We aren't limited to showing the coefficients and scatterplots in our corrgram, though; there are many other options and configurations available:

  > corrgram(iris, lower.panel=panel.pie, upper.panel=panel.pts,
  +          diag.panel=panel.density,
  +          main=paste0("corrgram of petal and sepal ",
  +                      "measurements in iris data set"))
More than two continuous variables

Figure 3.14: Another corrgram of the iris dataset's continuous variables

Notice that this time, we can overlay a density plot wherever there is a variable name (on the diagonal) —just to get a sense of the variables' shapes. More saliently, instead of text coefficients, we have pie charts in the lower-left panel. These pie charts are meant to graphically depict the strength of the correlations.

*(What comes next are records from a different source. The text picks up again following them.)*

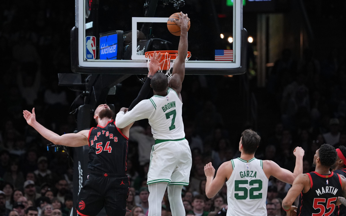 With 5:35 remaining in the fourth quarter, Brown caught a pass from Pritchard at the top of the arc and immediately drove to the basket, getting past Raptors guard Alijah Martin. He then met Sandro Mamukelashvili at the rim and finished with a posterizing dunk over the Toronto forward.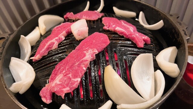 신선한 생양고기를 사용한 징기스칸을 만끽하세요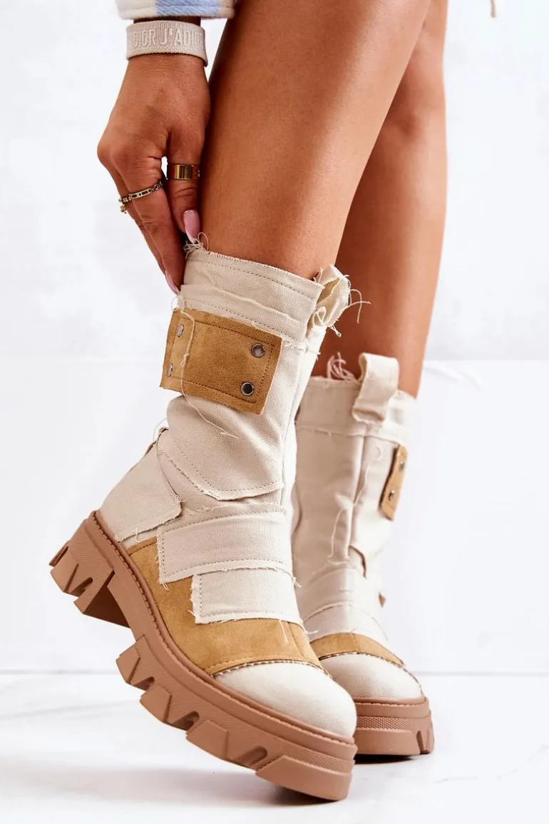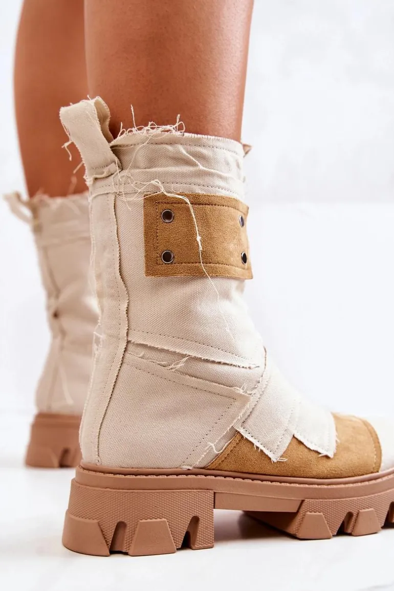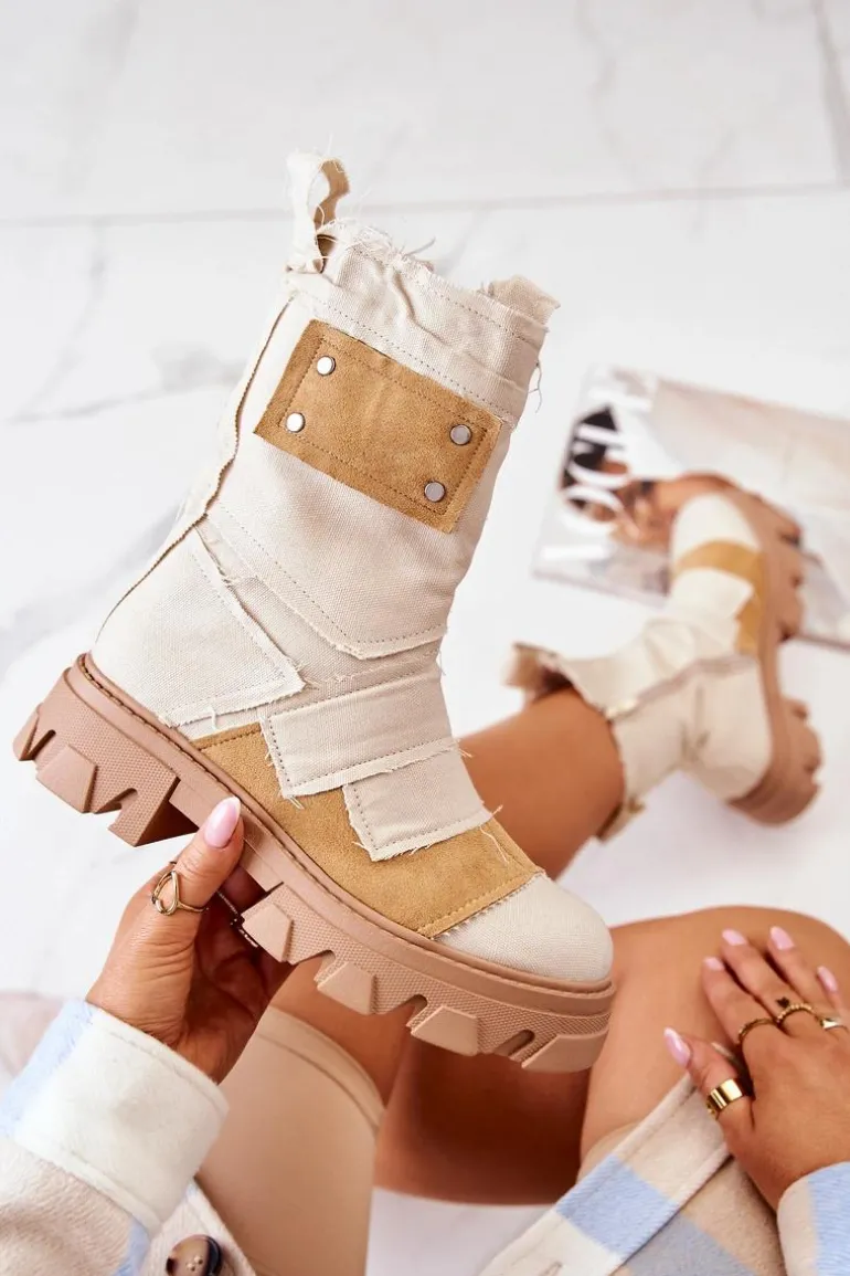 Wysokie Botki Workery Na Suwak Beżowe Nerisa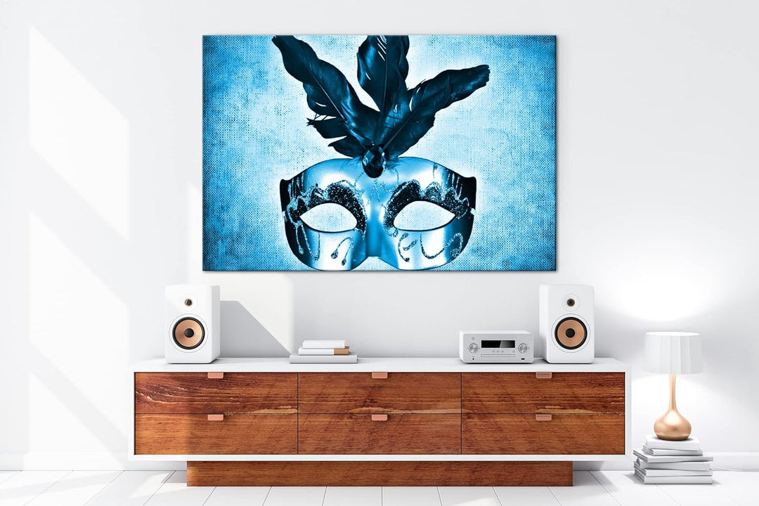 deyoli Karnevals Maske Format: 80x60 Effekt: Monocrome Blau als Leinwand, Motiv fertig gerahmt auf E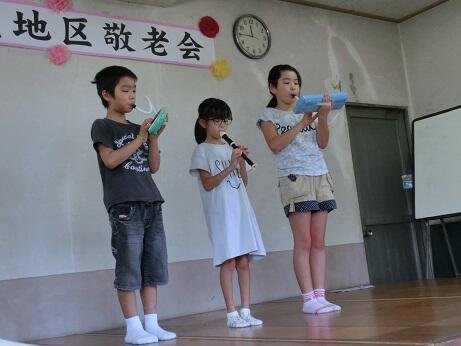 ところで、16日(日)に浦城区の敬老会が開催されました。本校からも4,5,6年生、5名が参加し出し物を

If the color of the pie is blue (or any shade thereof), the correlation is positive; the bigger the shaded area of the pie, the stronger the magnitude of the correlation. If, however, the color of the pie is red or a shade of red, the correlation is negative, and the amount of shading on the pie is proportional to the magnitude of the correlation.

To top it all off, we added the main parameter to set the title of the plot. Note the use of paste0 so that I could split the title up into two lines of code.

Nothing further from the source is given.